MATERIAL TO PROCESS:
=== Begin Enclosure ===

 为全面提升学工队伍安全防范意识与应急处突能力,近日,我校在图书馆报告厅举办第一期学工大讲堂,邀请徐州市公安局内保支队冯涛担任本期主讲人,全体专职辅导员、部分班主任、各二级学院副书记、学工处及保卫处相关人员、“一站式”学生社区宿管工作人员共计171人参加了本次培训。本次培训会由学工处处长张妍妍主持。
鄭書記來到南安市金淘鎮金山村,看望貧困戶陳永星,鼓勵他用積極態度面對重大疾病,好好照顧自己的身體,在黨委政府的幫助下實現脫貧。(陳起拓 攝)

=== End Enclosure ===
=== Begin Enclosure ===

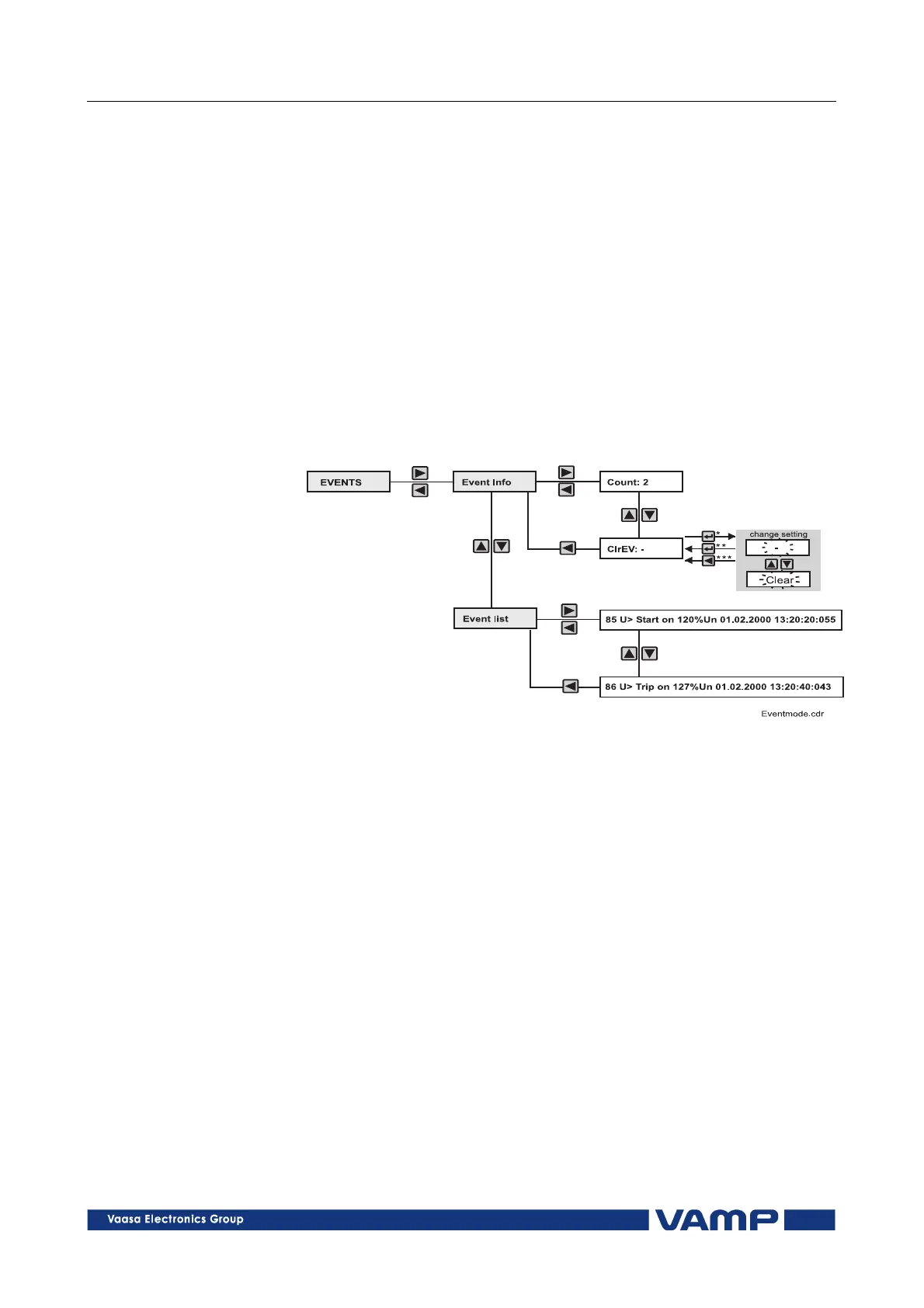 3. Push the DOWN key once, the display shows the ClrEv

=== End Enclosure ===

TASK TO COMPLETE: Give an exact copy of the lines above from the line with "为全面提升学工队伍安全防范意" up to and including the line with "鄭書記來到南安市金淘鎮金山村", and leave everything else out.

OUTPUT FOR THIS EXERCISE:
 为全面提升学工队伍安全防范意识与应急处突能力,近日,我校在图书馆报告厅举办第一期学工大讲堂,邀请徐州市公安局内保支队冯涛担任本期主讲人,全体专职辅导员、部分班主任、各二级学院副书记、学工处及保卫处相关人员、“一站式”学生社区宿管工作人员共计171人参加了本次培训。本次培训会由学工处处长张妍妍主持。
鄭書記來到南安市金淘鎮金山村,看望貧困戶陳永星,鼓勵他用積極態度面對重大疾病,好好照顧自己的身體,在黨委政府的幫助下實現脫貧。(陳起拓 攝)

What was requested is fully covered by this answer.